Присутствие возле меня моего брата странным образом усиливало мое страдание. В сравнении с Федерико фигура этого человека, такая худая, такая нервная, такая женственная, еще более умалялась, становилась жалкой, и весь облик его начинал казаться мне таким презренным, таким гнусным. Под влиянием нового идеала силы и мужской простоты, воплощенного в брате, я не только ненавидел, но и презирал это сложное, двойственное существо, которое, однако, было со мной одной породы и имело общие со мной некоторые особенности мозговой конструкции, как это доказывали его художественные произведения. Я представлял себе его, подобно одному из его литературных героев, пораженным самой страшной мозговой болезнью, хитрым, двуличным, жестоко любопытным, с опустошенной душой, привыкшим обращать - благодаря привычке к анализу и беспощадной иронии - самые горячие, самые непосредственные душевные порывы в ясные и холодные выкладки, привыкшим смотреть на всякое человеческое существо как на объект психологической спекуляции, неспособным на любовь, на великодушный поступок, на самоотречение, на жертву, погрязшим во лжи, гадливым, сластолюбивым, циничным, подлым.

Таков был человек, соблазнивший Джулиану, обладавший ею; конечно, он не любил ее. Разве его манерность не сказывалась даже в посвящении, написанном на обложке "Тайны", этом напыщенном посвящении, единственном известном мне документе, относящемся к прошлым отношениям этого романиста и моей жены? Конечно, она была в его руках предметом сладострастия, и только. Взять приступом "Башню из слоновой кости", развратить женщину, считавшуюся в обществе непорочной, испытать метод соблазна над столь редким объектом - это было трудное, но весьма заманчивое предприятие, во всех отношениях достойное утонченного художника, психолога, написавшего "Рьяную католичку" и "Анжелику Дони".

По мере того как я углублялся в свои размышления, факты вставали передо мной во всей их неприкрытой, гнусной реальности. Конечно, Филиппо Арборио встретился с Джулианой в один из тех периодов, когда про женщину говорят, что она "духовная", что она вынесла долгое воздержание, что ее волнуют поэтические настроения, неясные желания, смутная истома - переживания, являющиеся лишь масками, под которыми скрываются низменные влечения физического голода. Филиппо Арборио, будучи опытным человеком, угадал это особенное физиологическое состояние женщины, которой хотел овладеть; он воспользовался самым обычным и самым верным приемом, а именно: он говорил об идеале, о высших сферах, о мистическом единении, и в то же время руки его стремились снять покров с иных тайн; одним словом, он умело соединил чистые потоки красноречия с деликатным делом обладания.

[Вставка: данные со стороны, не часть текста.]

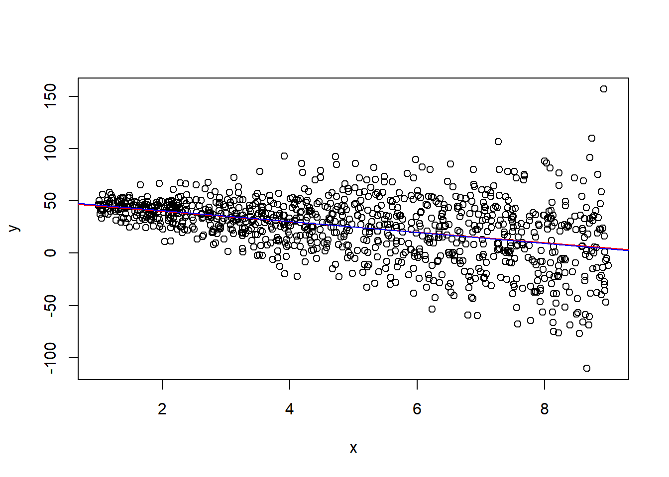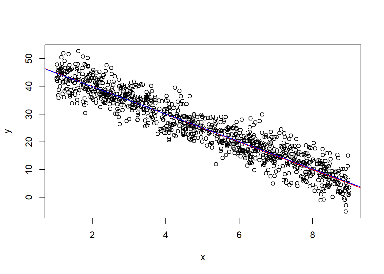 abline(lm(y ~ x), col="blue") # modelo estimado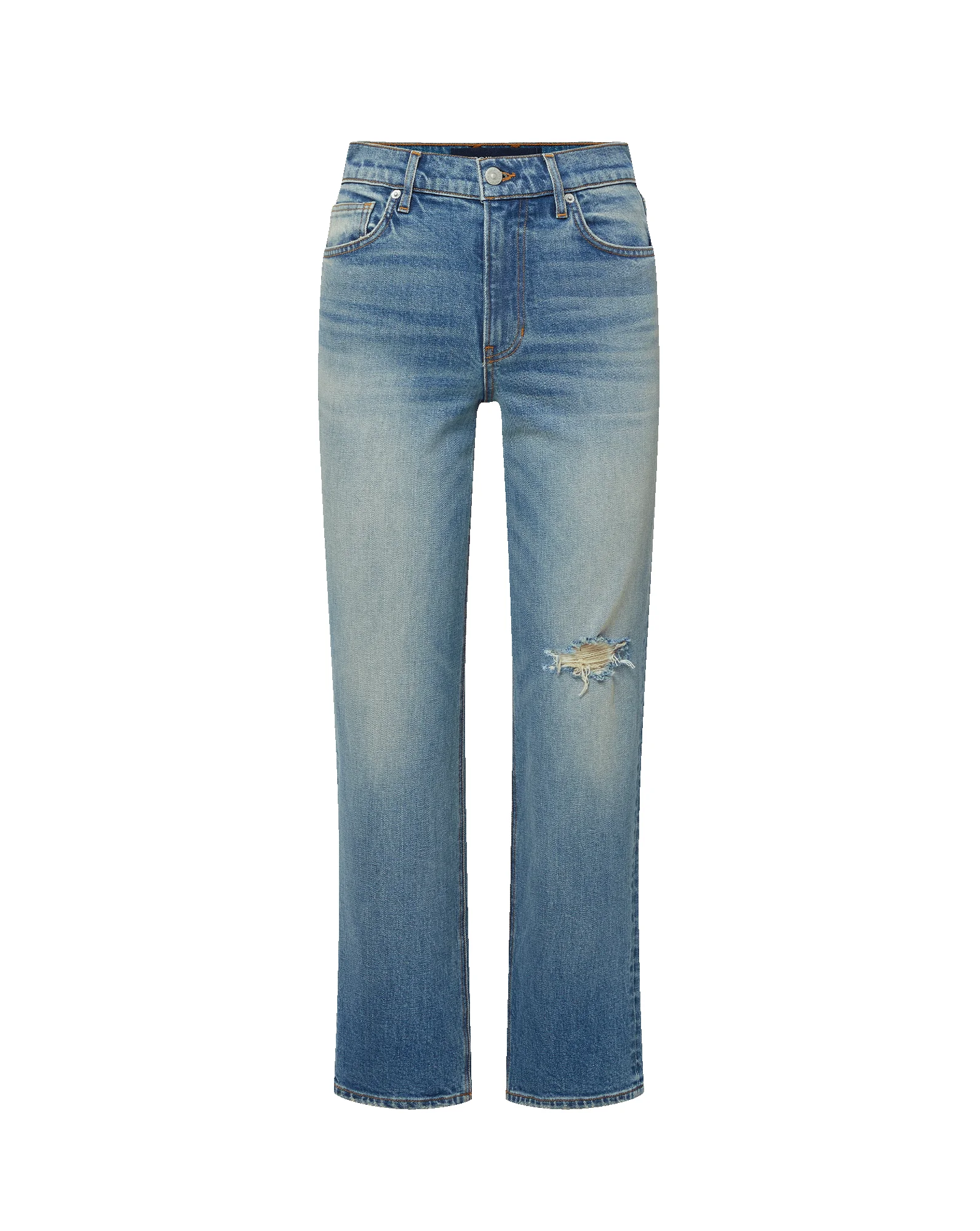 Product details The straight-leg jean, perfected. Expertly crafted in LA from Italian stretch denim in a light blue wash, the Leah is snug through the hip and thigh before falling into a classic straight leg. Pre-shrunk to hold its shape, it’s finished with an easy mid-rise waist and an ankle-length hem—perfect for showing off your shoes. Style with a simple T-shirt and dickey jacket for a classic VB look. - 98% Cotton, 2% Elastane - Made in LA from premium Italian denim - Closure: Zip fly - Turn inside out and machine wash cold. Hang to dry. Color transfer may occur. - Style #J26037210146JD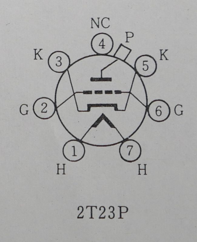 先日の 2T12P 同様に、プレートの中にカソードとグリッドが2組ある構造です。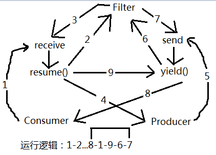 圖畫的不太好,可以先將Filter遮住,它是過濾器對(duì)兩個(gè)程序之間傳遞的信息進(jìn)行處理。去掉Filter邏輯就更清晰些了,就是兩個(gè)“線程”(其實(shí)是兩個(gè)協(xié)同程序)互相調(diào)用。resume回到y(tǒng)ield處開始,支持嵌套,返回到棧頂?shù)膟ield位置。yield是非阻塞的“線程同步”。這到有點(diǎn)像linux里的管道通信。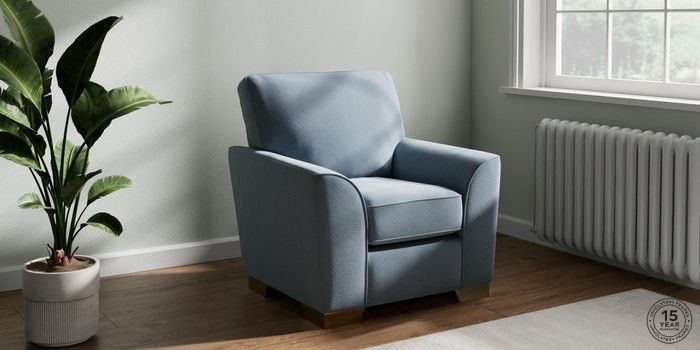 6.12.13 Buy Stamford Small Armchair Relaxed Linen Look Mid Blue Square Angle - Brushed Brass from the Next UK online shop Click here to use our accessible website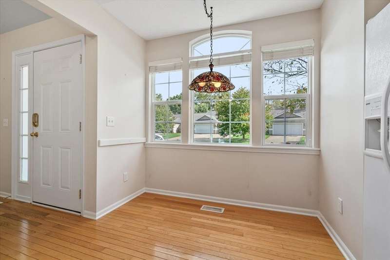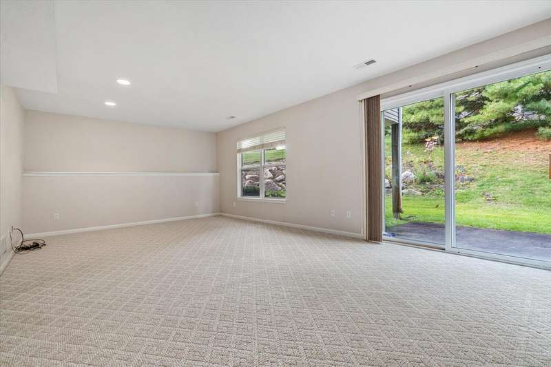 Fabulous End-Unit Condo in Quail Meadows! Welcome to this meticulous, move-in ready home that's been lovingly maintained inside & out. The charming front porch invites you into a warm & welcoming foyer featuring gorgeous hardwood floors that flow throughout the main living area. The open-concept kitchen is a delight, showcasing beautiful cabinetry, granite countertops, & a seamless connection to the dining area & spacious living room. Relax in the inviting living room with vaulted ceilings & cozy gas fireplace, or step into the sunroom-the perfect spot to enjoy your morning coffee while overlooking the private wooded lot & lush flower gardens. The primary suite offers a peaceful retreat with a large walk-in closet and a luxurious bath complete with a jetted tub, separate shower, double vanity, and linen closet. The main floor also includes a convenient laundry area & guest half bath. Love to entertain, the walkout lower level is ideal, featuring a spacious rec room, office or hobby room, a 2nd bedroom, full bath, and plenty of storage space. Recent updates include a new roof, new carpet on the main level, and a new hot water heatermaking this beautiful condo truly move-in ready!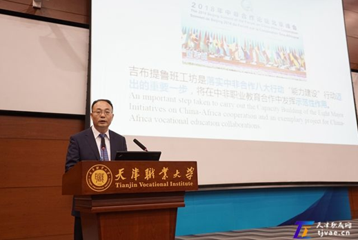 天津铁道职业技术学院党委书记、院长于忠武作了《落实中非合作八大行动,建设非洲首个“鲁班工坊”》的交流分享。他表示,非洲首个鲁班工坊——吉布提鲁班工坊将着力打造成为中非职业教育合作的新桥梁、新纽带、新亮点,为非洲其他鲁班工坊建设探索提供一个可借鉴、可复制、可推广的新模板,同时在非洲鲁班工坊建设中发挥示范引领作用,为服务“一带一路”倡议做出新的更大的贡献。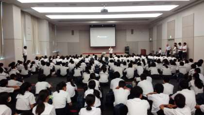 昨年度は、修学旅行で知覧平和学習を行った3年生学級代表のみなさん、そして、生徒会執行部のみなさんに、取り組みの報告と絵本の朗読をしてもらいました。

А Джулиана, "Turris Eburnea", величественная, молчаливая, существо, состоявшее из чистого золота и стали, Единственная, поверила этой старой игре, поддалась этому старому обману; и она, даже она, подчинилась этому старому закону женской неустойчивости. И сентиментальный дуэт закончился плотской связью и, к несчастью, оплодотворением...

Ужасный сарказм разрывал на части мою душу. Мне казалось, что не во рту, а в душе моей пробегает конвульсия, точно вызванная отравой, которая влечет смерть, сопровождающуюся судорожным смехом.

Я пришпорил лошадь и пустил ее в галоп по берегу реки.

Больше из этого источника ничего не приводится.